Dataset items
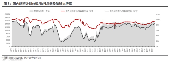 国内航班情况:截至3月3日,国内航班计划总数7日平均(班次)为14776次,国内航班执行总数7日平均(班次)为13455次,航班执行率为90.0%,较前一日相比上升2.1pcts
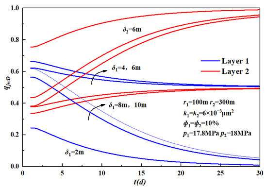Layer flow chart of two-layer gas reservoir with different layer thickness (δ).
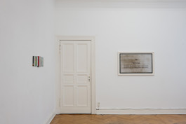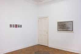 For this exhibition, Jonas Höschl shows three works. The latest is called 80 Portraits: 73 Männer, 7 Frauen, and it consists of a carousel slide projector, a device which recalls quaint nostalgic activities such as looking at vacation snaps. This one, however, runs through black-and-white photos, all depicting people in the same portrait format. Some of the poses are menacing, while the faces have been blurred out. The signifiers that these figures wear on their body—tattoos, shirts, logos, but also suits and folkloristic German apparel—betray their allegiance to far right groups. Höschl has sourced the images online, from anti-fascist networks where they have a clear purpose: mapping the Neonazi scene, documenting its protagonists, and potentially warning people who might fall victim to violent attacks. In the current setup, the pictures are lifted not only from their context, but also deprived of their function. They call to attention the mediated nature of photography: usually, photographer and subject are at considerable distance from each other, and only in rare cases the look is reciprocated, when the antifascists themselves are being photographed.
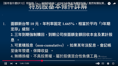今年台新金併了新光金之後,又出現一種特別的特別股,也就是「台新新光辛特」(2887I),它的特別在於3年到期強制贖回,這點和其他特別股不一樣,但和債券很像,只是利息有點低。(https://www.youtube.com/watch?v=s5yjlLGklMk)( https://www.youtube.com/watch?v=e6CfufgPAjI)
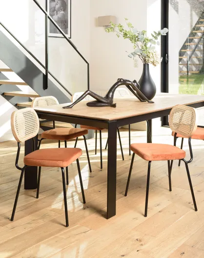 2 Chaises velours dossier rotin Albane orange - 48x51x81.5 cm

(Task description) What you write must match, line for line, the records from the line containing "今年台新金併了新光金之後,又" through the last line, with every picture left out.

(Solution for this exercise)
今年台新金併了新光金之後,又出現一種特別的特別股,也就是「台新新光辛特」(2887I),它的特別在於3年到期強制贖回,這點和其他特別股不一樣,但和債券很像,只是利息有點低。(https://www.youtube.com/watch?v=s5yjlLGklMk)( https://www.youtube.com/watch?v=e6CfufgPAjI)
 2 Chaises velours dossier rotin Albane orange - 48x51x81.5 cm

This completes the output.